Drop two inches of pitch and you should get right where you want the RPMs.


----------



## rovster (Aug 21, 2018)

Smackdaddy53 said:


> Drop two inches of pitch and you should get right where you want the RPMs.


The other prop I have is a 23P tempest which is considered a great "overall" prop for my setup. People still seeing a tic over 50 with it. Its on deck for sure and more curious how the hole shot will feel because right now its just "OK" with the 26P but that's without tabbing down just mash it and go. I would have expected more from the 26 but maybe its too much or its dragging too much due to height? In the fresh I did get it up to 6100 with a light load 2 people on board.
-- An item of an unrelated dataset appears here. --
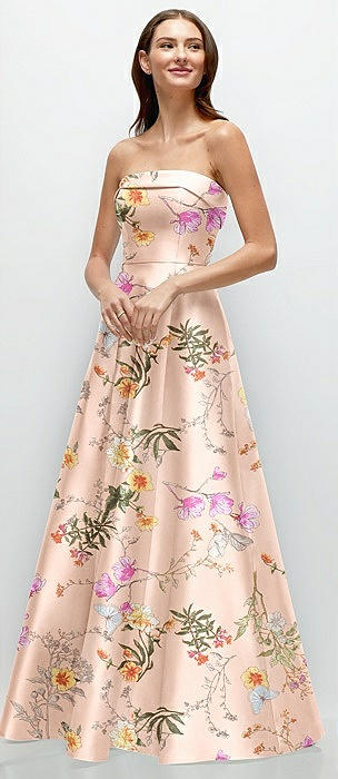 Strapless Floral Satin Gown with Full Skirt and Covered Buttons at Back in butterfly botanica pink sand

Full tank of gas in the salt with 2 anglers and gear + ice was doing about 48-49 at 5800. Probably need to do some more straightaway runs to really test it usually by the time I'm at that speed gotta turn at some point. Now that I'm out of the break in I can run WOT for longer periods and really see what she can do. As time goes by and changes are made I'll keep this updated but for now welcome to any and all input. Thanks Mack


----------



## Smackdaddy53 (Dec 31, 2012)

I realize you are referring to prop changes only but you may have reached hull speed or are very close to it. Hull speed is a point where no amount of extra horsepower will make any gains with the rig. More horsepower usually means more weight so you reach the point of diminishing returns.


----------



## SS06 (Apr 6, 2021)

Another 200lb angler gear and full fuel will drop you 200-300rpm...sounds like Smack was right about dropping 2inches of pitch....I think that 23p will be right where you want it rpm wise with just you, light load, 1/2 tank of fuel. 6200-6300 rpms properly trimmed then your speed is what it is.


----------